🤖 AI Summary
Test-time forgetting in parameter-efficient fine-tuning for continual learning (PEFT-CL) remains a critical challenge. This work formalizes forgetting as a quantifiable generalization gap grounded in Neural Tangent Kernel (NTK) theory, identifying sample size, task-level feature orthogonality, and regularization strength as key determinants.
Method: We propose NTK-CL—a unified framework that eliminates task-specific parameter storage and instead enables task-aware representation via adaptive feature generation. It introduces two novel components: (i) an NTK-guided exponential moving average mechanism for inter-task knowledge consolidation, and (ii) a task orthogonality constraint to suppress intra-task generalization drift.

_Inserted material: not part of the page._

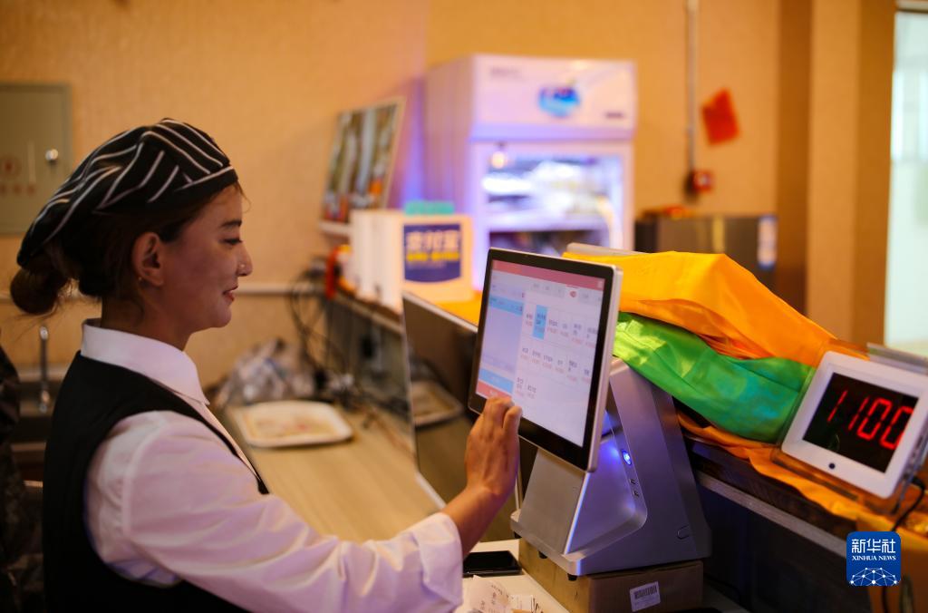 多爾格村村民尼達卓瑪在合作社開(kāi)辦的茶館前臺收銀(7月11日攝)。

Contribution/Results: Evaluated on standard PEFT-CL benchmarks, NTK-CL achieves state-of-the-art performance. Theoretical analysis and empirical results demonstrate a ~67% reduction in generalization gap and a threefold increase in effective feature representation dimensionality, substantially mitigating catastrophic forgetting.
📝 Abstract
Parameter-efficient fine-tuning for continual learning (PEFT-CL) has shown promise in adapting pre-trained models to sequential tasks while mitigating catastrophic forgetting problem. However, understanding the mechanisms that dictate continual performance in this paradigm remains elusive. To unravel this mystery, we undertake a rigorous analysis of PEFT-CL dynamics to derive relevant metrics for continual scenarios using Neural Tangent Kernel (NTK) theory. With the aid of NTK as a mathematical analysis tool, we recast the challenge of test-time forgetting into the quantifiable generalization gaps during training, identifying three key factors that influence these gaps and the performance of PEFT-CL: training sample size, task-level feature orthogonality, and regularization. To address these challenges, we introduce NTK-CL, a novel framework that eliminates task-specific parameter storage while adaptively generating task-relevant features. Aligning with theoretical guidance, NTK-CL triples the feature representation of each sample, theoretically and empirically reducing the magnitude of both task-interplay and task-specific generalization gaps. Grounded in NTK analysis, our framework imposes an adaptive exponential moving average mechanism and constraints on task-level feature orthogonality, maintaining intra-task NTK forms while attenuating inter-task NTK forms. Ultimately, by fine-tuning optimizable parameters with appropriate regularization, NTK-CL achieves state-of-the-art performance on established PEFT-CL benchmarks. This work provides a theoretical foundation for understanding and improving PEFT-CL models, offering insights into the interplay between feature representation, task orthogonality, and generalization, contributing to the development of more efficient continual learning systems.